Хмурое утро - Толстой Алексей Николаевич. Страница 20
Рощин глядел на себя в зеркало. Лоснящийся череп был хорошей, вместительной формы – для благородных и высоких мыслей. Лицо – узкое, с изящным переходом от едва выступающих скул к подбородку, не слишком выдающемуся, но и не безвольному. Темные, сдвинутые у переносицы, брови капризно разлетались на висках, смягчая строгость умных небольших глаз, кажущихся черными от расширенных зрачков. Такое лицо не стоило бы закрывать рукой от стыда. Пожалуй, рот портил все дело. Можно солгать глазами, глаза лживы и скрытны, но рот не поддается маскировке… Видишь ты, – никакой формы, весь в движении, как слизняк… Черт знает что такое! До Фауста не дотянул, Вадим Петрович… Он поднялся, надвинул походную, грязную простреленную фуражку – несколько набок, щедро расплатился и вышел… Решения у него все еще не было никакого… Но он уже не чувствовал дряни в ногах, не цеплялся носками сапог за булыжник. Вот что значит – побывать у парикмахера! Капелька любви к себе просочилась в мутное отчаяние его души.

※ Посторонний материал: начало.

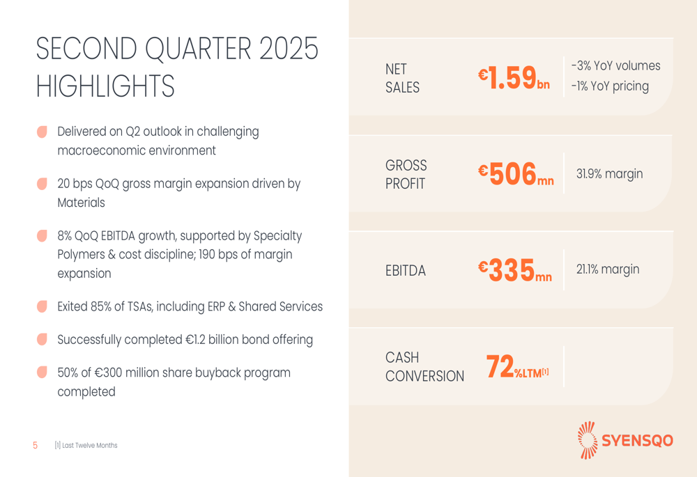 A Syensqo SA (EURONEXT:SYENS) apresentou seus resultados do segundo trimestre de 2025 em 31.07.2025, destacando a melhoria sequencial de margem apesar dos contínuos desafios macroeconômicos. A empresa de materiais especiais enfrentou obstáculos devido ao fortalecimento do euro e às tensões comerciais globais, mas conseguiu cumprir suas perspectivas trimestrais por meio de disciplina de custos e foco estratégico em segmentos de alto valor.

В окнах зажигался свет. Шумел ветер в голых тополях, уходящих вершинами в сумрак. Между стволами их – на другой стороне улицы – яркая лампочка нагло вспыхнула над размалеванной дверью ресторана-кабаре «Би-Ба-Бо»… Этот кабак славился любительскими шашлыками. При мысли о еде у Вадима Петровича слипся желудок, – со вчерашнего дня он не ел. Это было могучее, мужественное чувство голода, оно возникло и заслонило все психологические сложности. Рощин решительно свернул к освещенной двери. От дерева отделилось, пытаясь преградить ему дорогу, существо в белой юбке и уже вслед пропищало умоляюще: «Офицерик, я вам справлю удовольствие…»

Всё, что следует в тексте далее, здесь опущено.